Gibt's da sowas wie einen Passwort-Cache? was könnte man unternehmen, damit die alten Passwörter nicht mehr gelten?


----------



## Dr Dau (19. April 2010)

Hallo!



capslock hat gesagt.:


> .....unter OpenSuse: nach Änderung des Passwortes über den Befehl passwd.....


Du hast das Passwort also nicht per Yast geändert?



capslock hat gesagt.:


> Gibt's da sowas wie einen Passwort-Cache?


Einen Cache nicht, aber eine "shadow"-Datei.



capslock hat gesagt.:


> was könnte man unternehmen, damit die alten Passwörter nicht mehr gelten?

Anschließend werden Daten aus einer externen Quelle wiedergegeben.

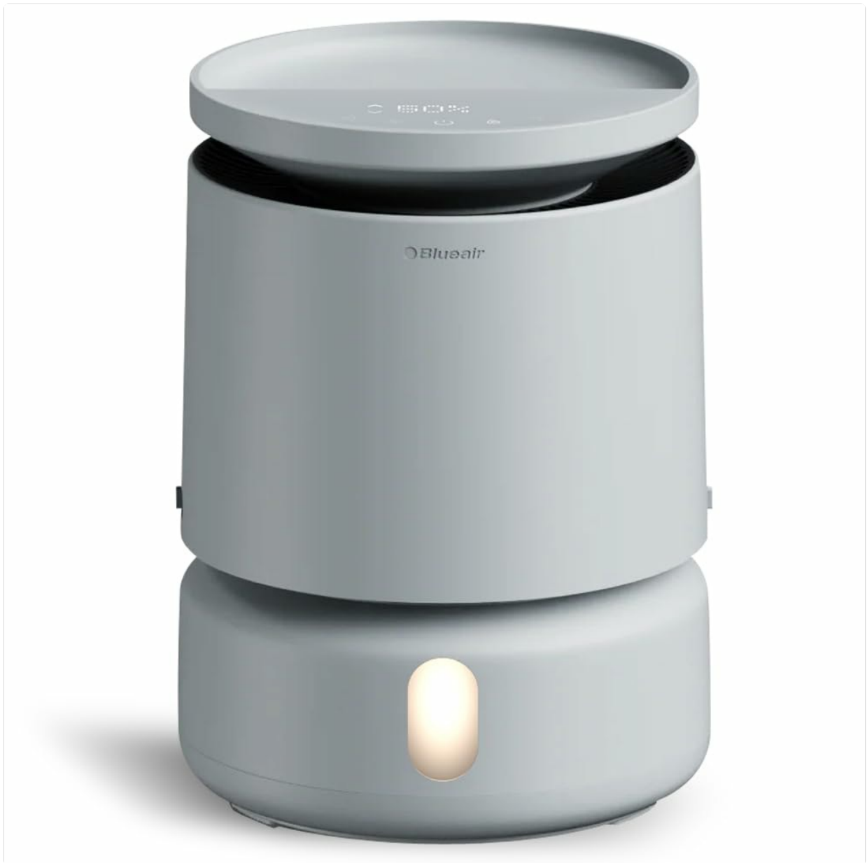
Image: Front view of the BLUEAIR DreamWell Humidifier.
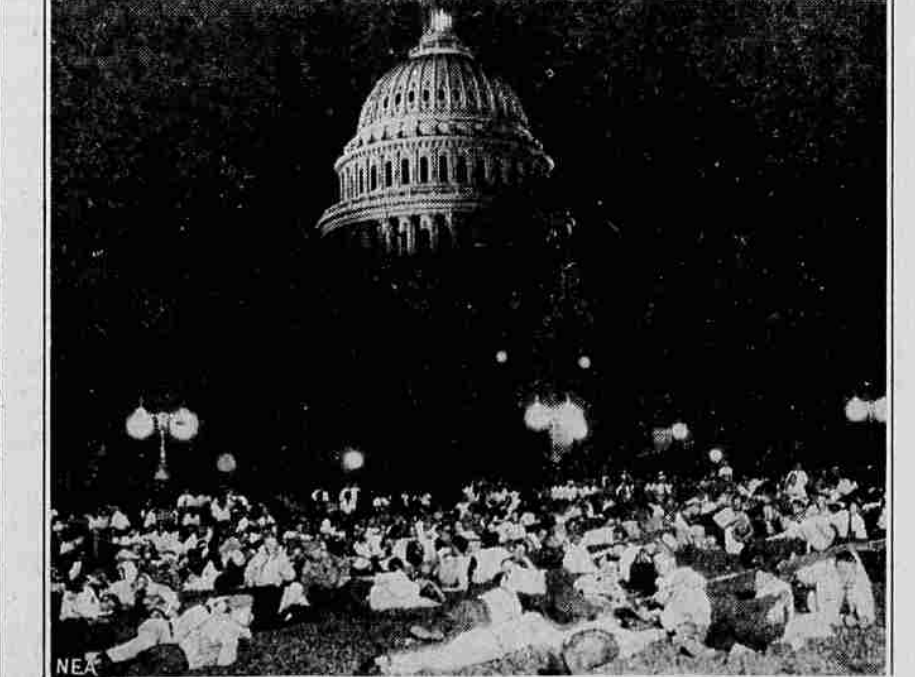
Swirling on the grass while bright lights beat down upon them from the capitol, hundreds of bonus marchers—most of them members of the California delegation—conducted this impressive "all-night siege" before the nation's legislative building. Defying police orders against camping on the capitol grounds, the veterans chose this means of bringing more forcibly to the attention of congress their demands for immediate payment of the bonus.
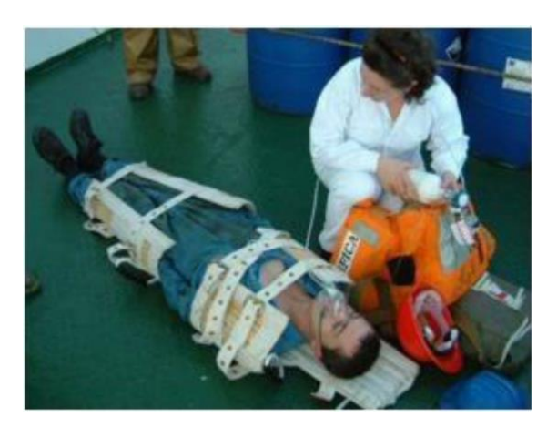
Slips, Trips and Falls
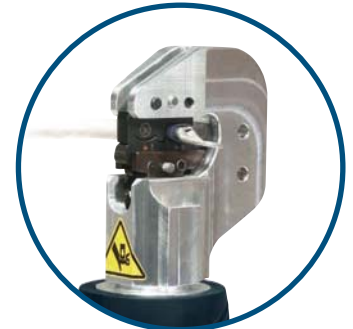
Uses the exact dies of the Comfort Crimp™ line of ergonomic tools for Sta-Kon® and Dragon Tooth™ terminals
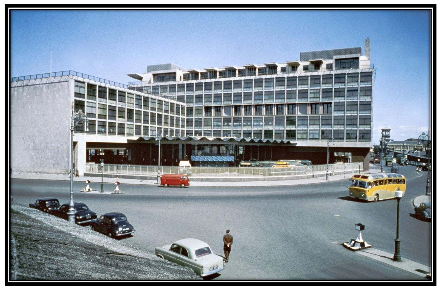
Vehicle_1960s_Busáras_c1961_IrishRailwaySociety.jpg CIÉ Busáras Central Station, Dublin, circa 1961.
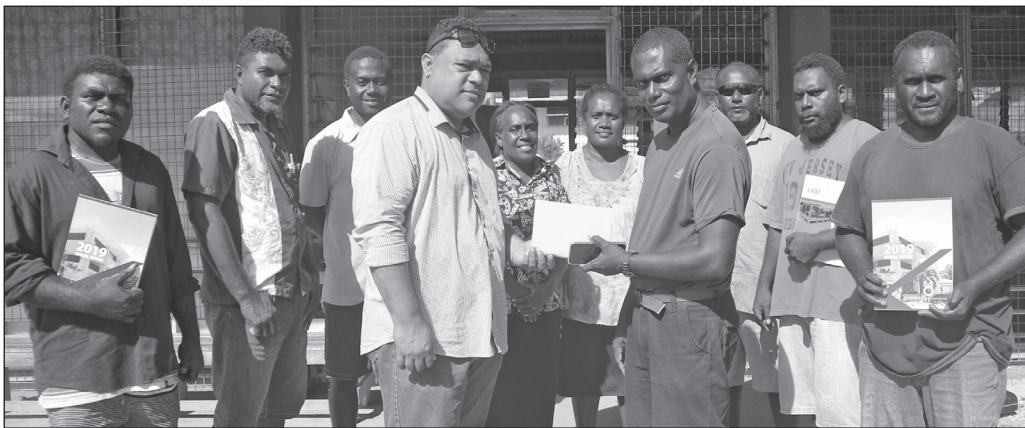
Gov hands over donation to Principal and teachers of Choiseul Bay P.S.S.

THE Central Bank of Solomon Islands (CBSI) led by Governor Dr Luke Forau made a special visit to the Choiseul Bay Provincial Secondary School last week, and donated $10,000 along with economic resources (reports) to support the school and its students.
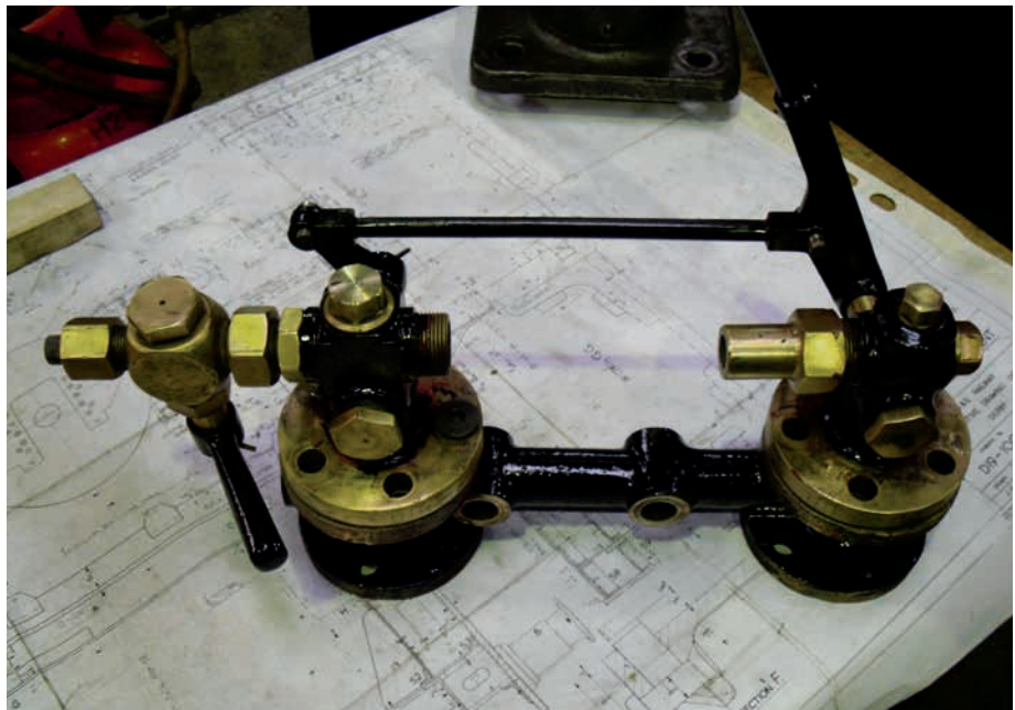
The new boiler water gauge frame seen in the workshops at Llangollen in October. This was one of the components taken to Warley for display. MICK PRIOR
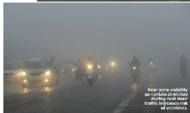
Near zero visibility on certain stretches during rush hour traffic increases risk of accidents.

Local factors for pollution in Delhi include vehicular exhaust, road dust, power plant emission and solid waste burning in landfills.
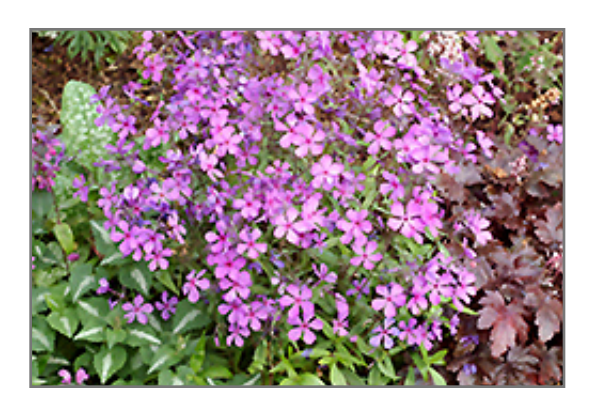
Plum Perfect Phlox flowers
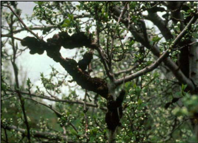
Figure 1: Branches appear thick and black.

Black knot disease occurs on numerous cultivated and wild plums, prunes, and cherries ( Prunus spp.). The disease is characterized by the presence of warty, black galls which may vary in size from 1/2 inch to more than 1 foot in length. In some parts of the Northeast and Midwest, black knot causes serious losses to commercial plum and prune growers. More often, however, the grotesque galls draw the attention from homeowners who want to improve the unsightly appearance of affected landscape trees.
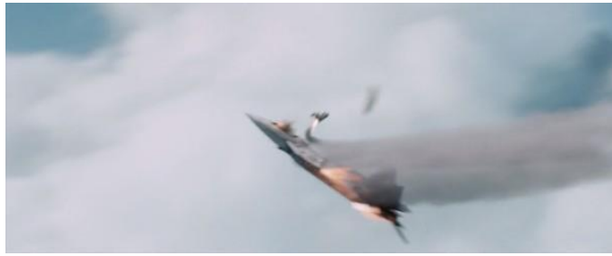
Frame 1.4 F-22 Raptor crash with Iron Man

Scene 1 Iron Man versus F-22 Raptor (01:19:26 - 01:23:05)
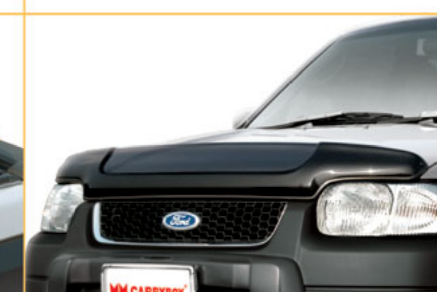
Hood Deflector CB-FE-08

Increase your volumn luggage by complete roof rack set. Design unique for ESCAPE with the total height only 189 cm. to avoid the inside building parking road height. And its aerodynamic design. Manufacture from high quality Aluminum with Black powder coat. Available to install on the original side rail without any drilling. Free luggage cargo net No Drilling
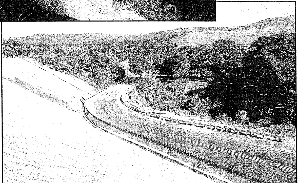
Jalama Road Three Days Prior to Project Completion
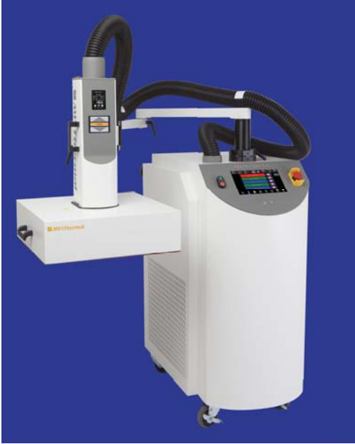
TA-5000A with Compact Chamber Hood

Die "passwd"-Datei und "shadow"-Datei mittels "pwconv" miteinander abgleichen.

Gruss Dr Dau


----------



## capslock (25. April 2010)

Das Problem ist gelöst - es ist ein sehr altes System "Passwords are truncated to 8 characters" ...
tatsächlich waren die passphrasen an den ersten 8 Stellen identisch. Doof.

Trotzdem noch diese Frage:



> Du hast das Passwort also nicht per Yast geändert?


nein, mit "passwd". Mag Suse das nicht?


----------